On Tue, Apr 14, 2015 at 7:36 AM, Scott Chamberlain <notifications@github.com

wrote:

@ashander https://github.com/ashander Agree that this task view needs splitting.

@leeper https://github.com/leeper I like that proposed summary paragraph - I think we have some of that, but could use more for sure.

If it sounds like the listicle of packages part of this repo should be split off, I don't think that needs to be a task view per se - it could just be a github repo and not get sent to cran. Maybe even a gh-pages site.

I agree with @leeper https://github.com/leeper that it's blurry distinction between services and data sources. Though if we put the 2nd half in a separate repo, we could attempt to split those at least somewhat, or have tags or something like that to support the venn diagram nature of the packages.

Particularly for users attempting to discover ways of accessing machine-readable data through R

@ashander https://github.com/ashander how can this be made easier? good enough to have a list of them with short description? or something else

— Reply to this email directly or view it on GitHub https://github.com/ropensci/webservices/issues/205#issuecomment-92880902 .

sckott commented 9 years ago

want to chime in @karthik @cboettig - no worries if no opinion on this

cboettig commented 9 years ago

Great discussion, I think @ashander makes some very good points about the value of splitting things up. I think the split into data vs tech is reasonable. I like @leeper 's suggestions about better descriptive text as well.

I do agree that some packages, like twitteR, are very much in both camps -- web tech from the perspective of posting information to a particular service, but data from the perspective of scraping a given pool of open data. No problem: I suggest such packages be listed in both -- CRAN taskviews are focused on tasks after all, and this means some packages already appear in multiple taskviews.

Do you need CRAN's blessing to split the taskview?

sckott commented 9 years ago

Do you need CRAN's blessing to split the taskview?

I can ask, i imagine it's no problem

karthik commented 9 years ago

Is it really worth splitting the task view itself as opposed to organizing it better?

leeper commented 9 years ago

I'm not sure we need to split, but I do like the idea of an open data task view, which might also allow for a single place to keep track of data-only packages that are not web-based. On Apr 14, 2015 2:14 PM, "Karthik Ram" notifications@github.com wrote:

Is it really worth splitting the task view itself as opposed to organizing it better?

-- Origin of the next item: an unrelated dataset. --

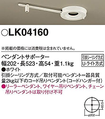 ・ホワイト LK04160・引掛シーリング方式・W202・H54・色:ホワイト・梱包サイズ:57.2 x 25.2 x 6.9 cm●ペンダントの位置を上手に調節でき、テーブルの中心まで動かすことができる。 ●天井が傷つかない。 ●取付可能ペンダント=器具質量2kg以下のコード吊りペンダント(コードハンガー付)。 ※リーラーペンダント、ワイヤー吊りペンダント、チェーン吊りペンダントは取付できません。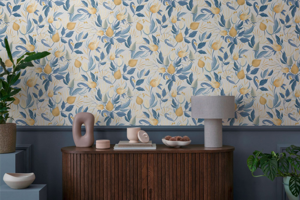 Hálószobában vagy nappaliban hangsúlyfalként alkalmazva friss, légies hangulatot

— Reply to this email directly or view it on GitHub https://github.com/ropensci/webservices/issues/205#issuecomment-93024700 .

sckott commented 9 years ago

@leeper

data-only packages that are not web-based.

do you mean pkgs that come with data, and don't make web requests for data?

leeper commented 9 years ago

@sckott Yes, I'm thinking like https://github.com/hadley/nycflights13 and https://github.com/jennybc/gapminder

ashander commented 9 years ago

I outlined the main rationale for splitting above, which comes down to matching the title to the task of data access.

Better organization would help, and makes sense especially for the web tech side of things. For data access, I think the current organization is fine but the name of the task view doesn't describe the task, making it less visible to users

On Tue, Apr 14, 2015 at 2:43 PM, Thomas J. Leeper notifications@github.com wrote:

@sckott https://github.com/sckott Yes, I'm thinking like https://github.com/hadley/nycflights13 and https://github.com/jennybc/gapminder

— Reply to this email directly or view it on GitHub https://github.com/ropensci/webservices/issues/205#issuecomment-93075756 .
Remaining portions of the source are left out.